> _What is required_
The output should hold exactly, and only, the lines from the line bearing "Nussbaum, gesägt, gehobelt, geschnitzt, intarsiert;" through the last line of the listing below, and no pictures.

> _Information provided_

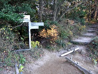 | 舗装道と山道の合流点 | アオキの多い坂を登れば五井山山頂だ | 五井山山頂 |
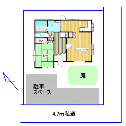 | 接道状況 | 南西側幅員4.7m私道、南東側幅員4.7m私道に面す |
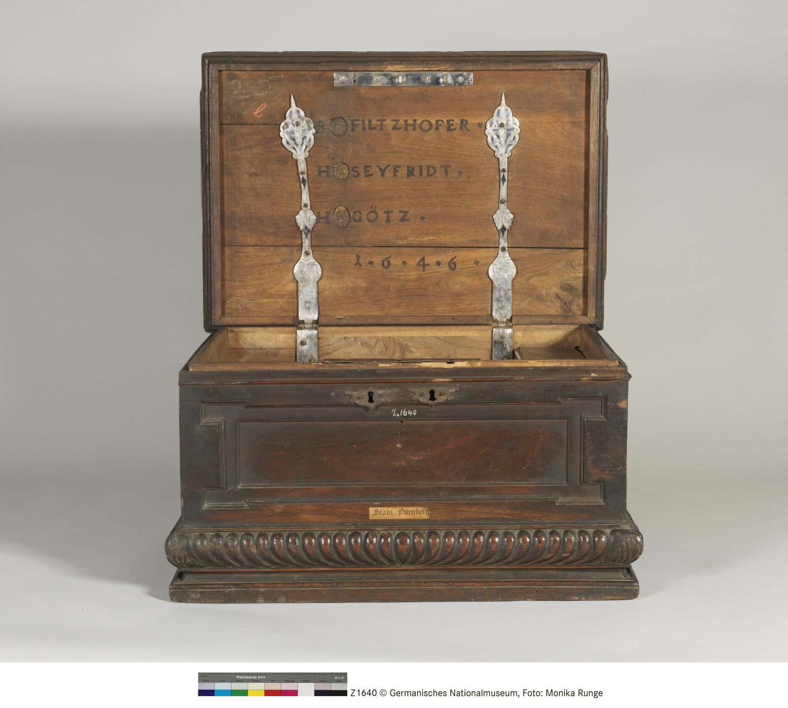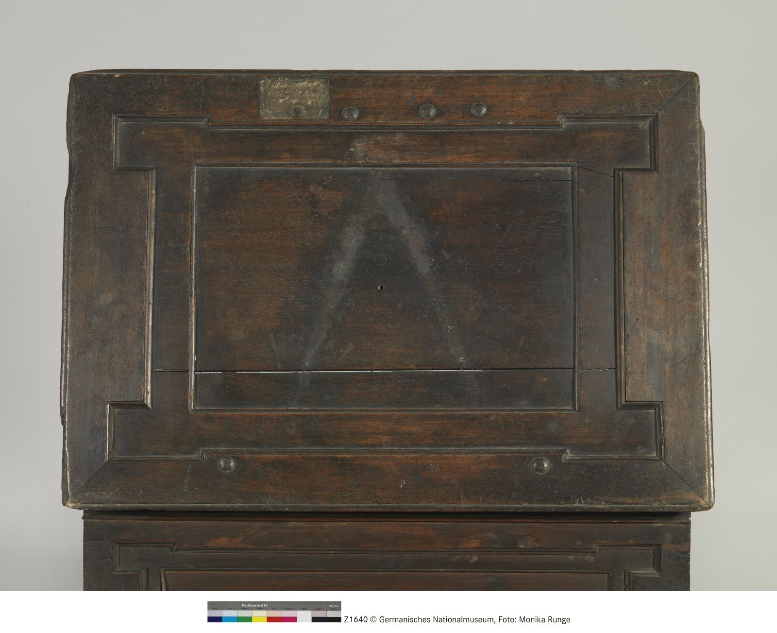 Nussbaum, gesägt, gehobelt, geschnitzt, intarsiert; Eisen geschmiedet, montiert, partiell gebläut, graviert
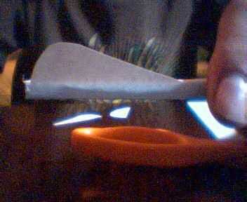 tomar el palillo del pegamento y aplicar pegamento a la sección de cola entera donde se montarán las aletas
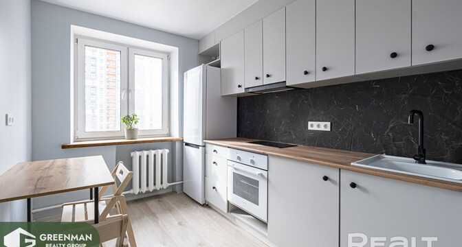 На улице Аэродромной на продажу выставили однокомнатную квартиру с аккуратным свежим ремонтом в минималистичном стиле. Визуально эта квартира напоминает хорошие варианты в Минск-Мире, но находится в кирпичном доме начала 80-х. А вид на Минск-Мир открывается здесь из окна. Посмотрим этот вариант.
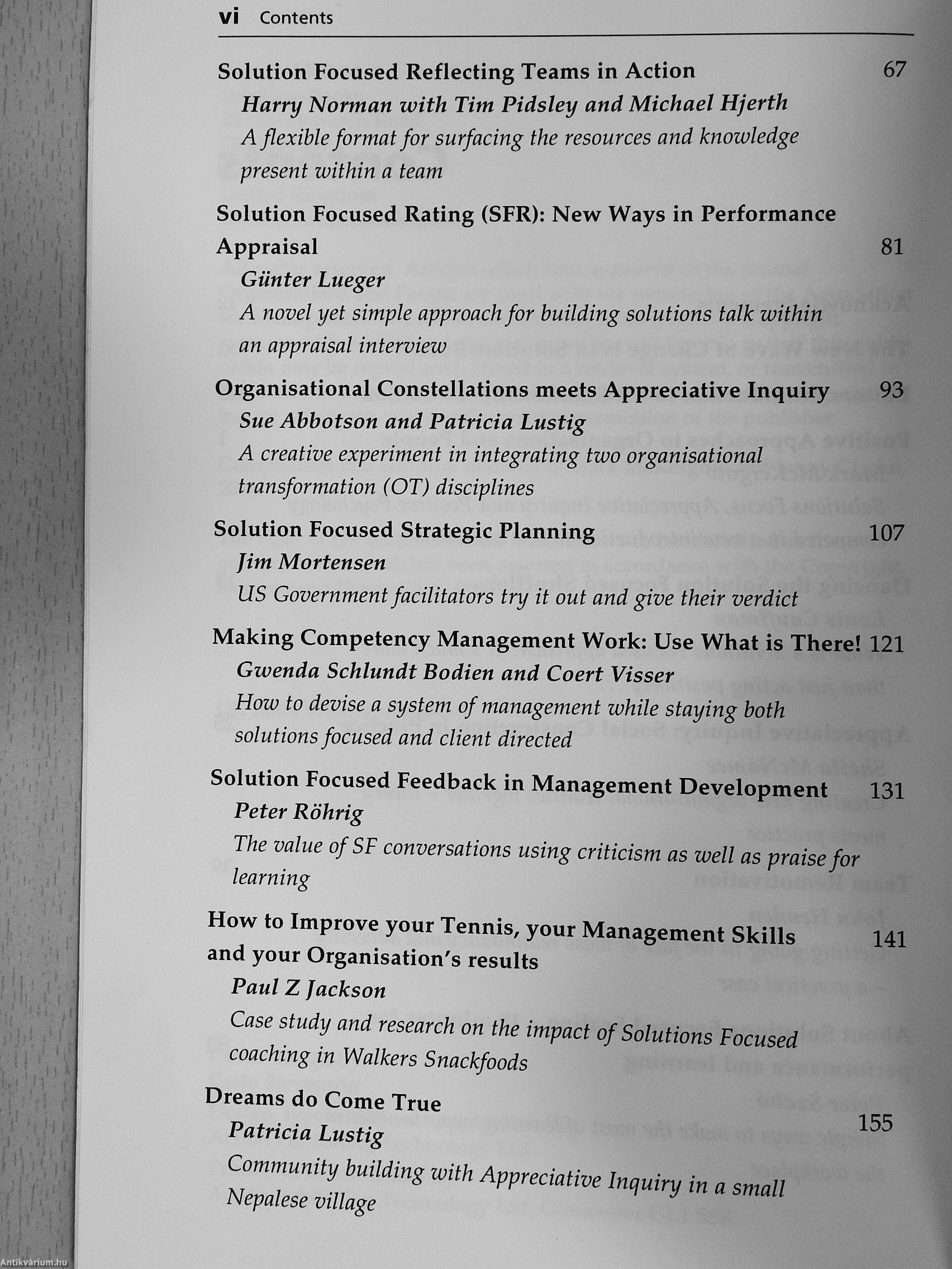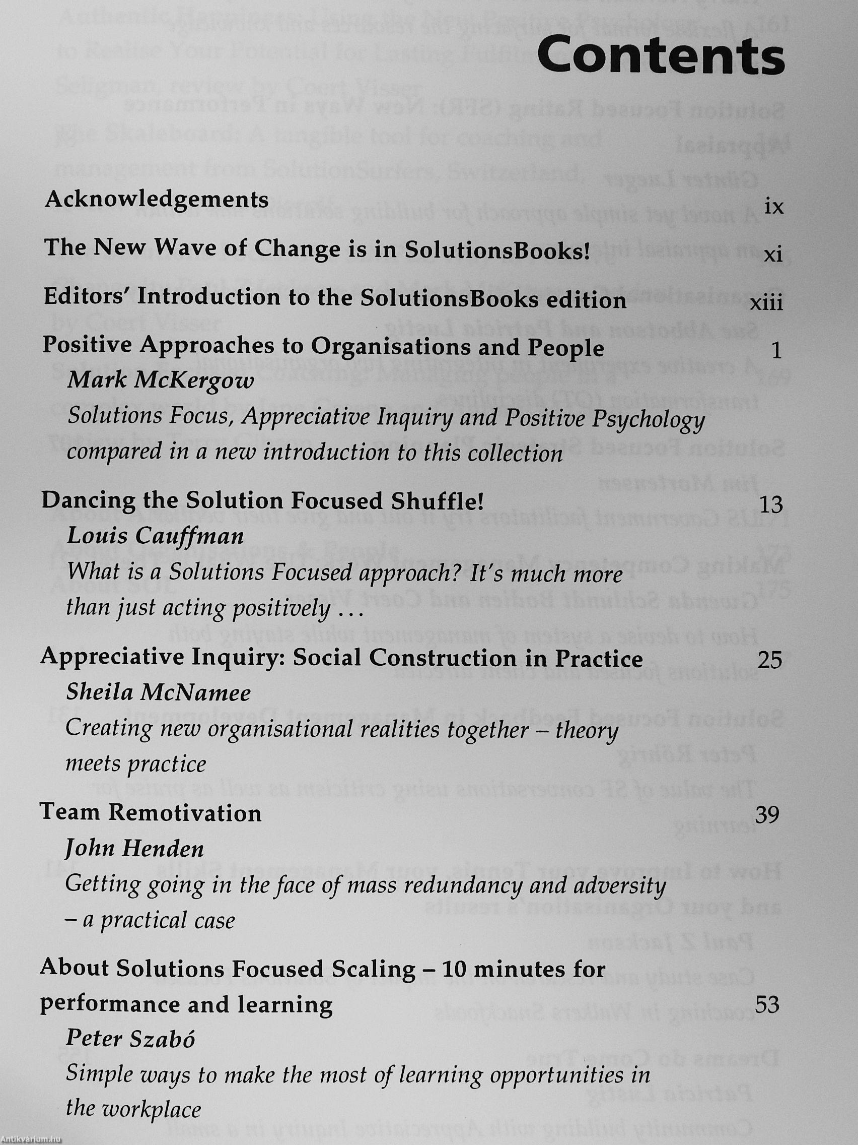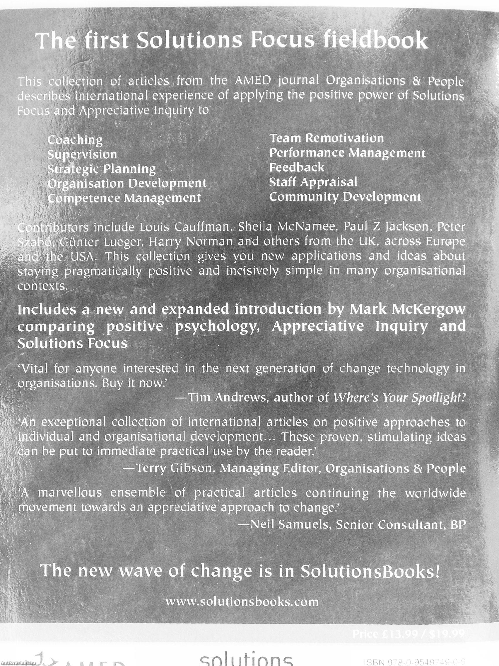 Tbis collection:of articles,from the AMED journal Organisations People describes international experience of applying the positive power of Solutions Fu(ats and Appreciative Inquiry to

> _Response to this task_
 Nussbaum, gesägt, gehobelt, geschnitzt, intarsiert; Eisen geschmiedet, montiert, partiell gebläut, graviert
 tomar el palillo del pegamento y aplicar pegamento a la sección de cola entera donde se montarán las aletas
 На улице Аэродромной на продажу выставили однокомнатную квартиру с аккуратным свежим ремонтом в минималистичном стиле. Визуально эта квартира напоминает хорошие варианты в Минск-Мире, но находится в кирпичном доме начала 80-х. А вид на Минск-Мир открывается здесь из окна. Посмотрим этот вариант.
 Tbis collection:of articles,from the AMED journal Organisations People describes international experience of applying the positive power of Solutions Fu(ats and Appreciative Inquiry to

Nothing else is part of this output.